Three weeks passed since the previous article. Here are the answers to the previous three questions:

Q1: The original paper of CLIP uses L2 normalization on multimodal embeddings. But in my test, the model will not converge with it.

Answer 1: The reason the model didn’t converge is that the learning rate is too large. After reducing the learning rate a bit and adding the L2 normalization, the model could get above 80% validation accuracy. The L2 normalization essentially projects embeddings to a high-dimensional sphere with a one-unit radius, which by intuitive could regularize the model.

Q2: Adding the learnable temperature parameter will cause a training error, which requires a “retain_graph=True” argument for “backward()”

Answer 2: If I use the code

def __init__(self):
  self.logit_scale = nn.Parameter(torch.ones([]) * np.log(1 / 0.07)).exp()

def forward(self):
  logits_per_image = self.logit_scale * img_embds @ txt_embds.T

it will report the error

Traceback (most recent call last):
  File "/home/robin/code/try_multimodal/", line 196, in <module>
  File "/home/robin/code/try_multimodal/", line 149, in train
    train_result = self.train_loop(cmodel, optimizer)
  File "/home/robin/code/try_multimodal/", line 81, in train_loop
  File "/home/robin/miniconda3/envs/nanoGPT/lib/python3.10/site-packages/torch/", line 522, in backward
  File "/home/robin/miniconda3/envs/nanoGPT/lib/python3.10/site-packages/torch/autograd/", line 266, in backward
    Variable._execution_engine.run_backward(  # Calls into the C++ engine to run the backward pass
RuntimeError: Trying to backward through the graph a second time (or directly access saved tensors after they have already been freed). Saved intermediate values of the graph are freed when you call .backward() or autograd.grad(). Specify retain_graph=True if you need to backward through the graph a second time or if you need to access saved tensors after calling backward.

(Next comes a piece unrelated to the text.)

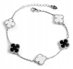 Srebrna BRANSOLETKA Damska SREBRO pr.925 Koniczyna Onyks Perłowa Koniczynka
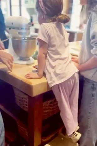 在这段甜蜜的视频中,可以看到梅根和一个好奇的三岁小莉莉贝特一起准备曲奇饼,她站在台阶上,看着厨房柜台的电动搅拌器。视频中,梅根在好友凯莉·麦基·扎芬和为梅根设计婚纱的时装设计师克莱尔·维特·凯勒的帮助下,把面团揉成小饼干,哈里在旁边看着。

But if I moved the “exp()” to “forward()”:

def __init__(self):
  self.logit_scale = nn.Parameter(torch.ones([]) * np.log(1 / 0.07))

def forward(self):
  logits_per_image = self.logit_scale.exp() * img_embds @ txt_embds.T

It works well. The reason is that “exp()” would bring the gradient to “logit_scale” so we’d better to let it in “forward()” to avoid graph edge duplication.

Q3: When using “torch.compile()”, it will report a Triton error after the first epoch

Answer 3: Seems the “torch.compile()” needs the input batch to be fixed shape, which means you’d better not change the batch_size at the training step. To avoid this, I dropped the last batch of the dataset since the last batch usually wouldn’t have enough samples for BATCH_SIZE.

There is a new discovery for “torch.compile()”. Yesterday I was trying to compile the model (a self-implement ALBEF) but came an error:

torch._dynamo.exc.BackendCompilerFailed: backend='inductor' raised:
InvalidCxxCompiler: No working C++ compiler found in torch._inductor.config.cpp.cxx: (None, 'g++')

After tumbling in the debug document of PyTorch compiling, I finally found out that the solution is just installed “g++” on my computer…

Previously, the evaluation of 50000 val images of ImageNet1K shows that the top-5 accuracy is just 6.66%. After I added CC12M with CC3M as training dataset, the top-5 evaluation accuracy raised to 23.76%. My tiny CLIP model checkpoint is here.